Starting with the line that holds "Contributed by: ICT Office" and stopping after the line that holds "Schools should react", repeat the lines below word for word, without the pictures.

[Data records — start]

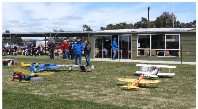
Ararat club house in the background with mostly BRMFC member models in the foreground of this shot.
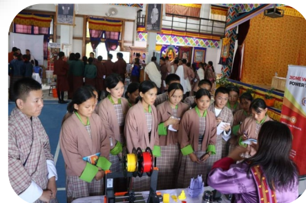
Contributed by: ICT Office

Educate Fair Booth Exploration for parents, jobseekers, and dropouts in the presence of DASHO DZONGDAG, Sector Heads, teachers, and the students of Mongar Dzongkhag at Mongar Higher Secondary school. This fair serves as an excellent opportunity for the youth, students,
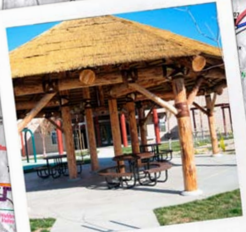
Douglas Fir peeled logs Tachi-Yokut Tribe Center Lemoore, CA
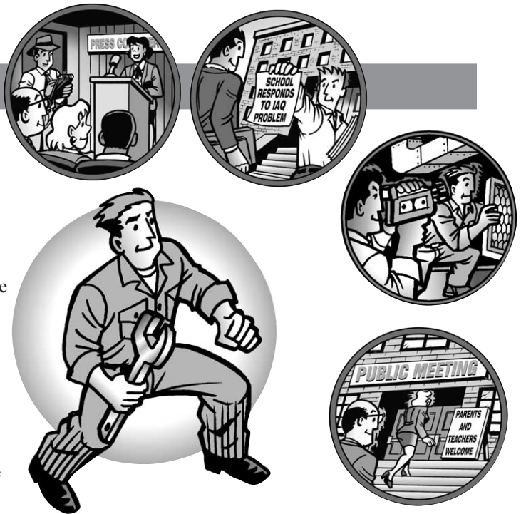
Schools should react to an IAQ crisis quickly and honestly.

Immediately, Saugus Union School District focused on resolving the issue by using EPA’s IAQ TFS Program to guide the gathering of as many facts and environmental data as possible. In addition,
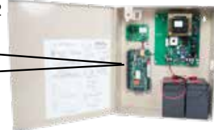
602RF x IPDC x 12VR

RB12V4 Optional Backup Batteries 12V/5Ah

[Data records — finish]

**Response area**.
Contributed by: ICT Office

Educate Fair Booth Exploration for parents, jobseekers, and dropouts in the presence of DASHO DZONGDAG, Sector Heads, teachers, and the students of Mongar Dzongkhag at Mongar Higher Secondary school. This fair serves as an excellent opportunity for the youth, students,
Douglas Fir peeled logs Tachi-Yokut Tribe Center Lemoore, CA
Schools should react to an IAQ crisis quickly and honestly.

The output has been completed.